The particle beam therapy system according to claim 1,
A measuring unit for measuring the two kinds of dispersions in the first direction (ηfx0, ηBx0), their gradients (ηfx0 ′, ηBx0 ′), and the Twiss parameter at the accelerator exit point, and supplying the measured parameters to the controller; A particle beam therapy system further comprising:
The particle beam therapy system according to claim 1,
The fact that the two types of first dispersions are substantially zero at the position of the irradiation target means that the product of the first dispersion and the momentum shift at the position of the irradiation target is a fluctuation of a predetermined irradiation beam position. A particle beam therapy system characterized by being within a width limit.

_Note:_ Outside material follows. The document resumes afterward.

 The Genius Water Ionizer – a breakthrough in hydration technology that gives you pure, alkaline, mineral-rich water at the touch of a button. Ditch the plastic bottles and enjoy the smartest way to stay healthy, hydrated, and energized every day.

The particle beam therapy system according to claim 1,
The controller is
With respect to the charged particle beam in the beam transport system, the two types of first dispersions (ηfx1, ηBx1) derived from the accelerator, the traveling direction of the charged particle beam and the direction perpendicular to the first direction The plurality of second dispersions (ηfy1, ηBy1) derived from the accelerator defined in the second direction are set to 0 or substantially 0 at the irradiation target position. A particle beam therapy system for controlling the amount of excitation of each of the quadrupole electromagnets.
The particle beam therapy system according to claim 8, wherein
The beam transport system is
A deflection electromagnet that deflects the beam taken out from the accelerator toward the irradiation target in the first direction;
A plurality of deflection electromagnets for deflecting the beam a plurality of times in the second direction and irradiating the irradiation object with the beam from the second direction;
With
A particle beam therapy system characterized in that the irradiation target can be irradiated with the beam from the second direction.

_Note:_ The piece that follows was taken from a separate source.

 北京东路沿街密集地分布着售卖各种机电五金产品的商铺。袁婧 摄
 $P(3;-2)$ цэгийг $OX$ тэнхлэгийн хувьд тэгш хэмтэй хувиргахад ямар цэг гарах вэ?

The particle beam therapy system according to claim 1,
A rotating gantry capable of inputting the beam from the beam transport system and irradiating the irradiation target from a plurality of different directions;
Gradients (η′fx2, η′Bx2) in the traveling direction of the charged particle beam of the two types of first dispersions defined for the first direction at the entrance point of the rotating gantry are 0 or substantially 0 The particle beam therapy system, wherein the control device controls the amount of excitation of each of the plurality of quadrupole electromagnets.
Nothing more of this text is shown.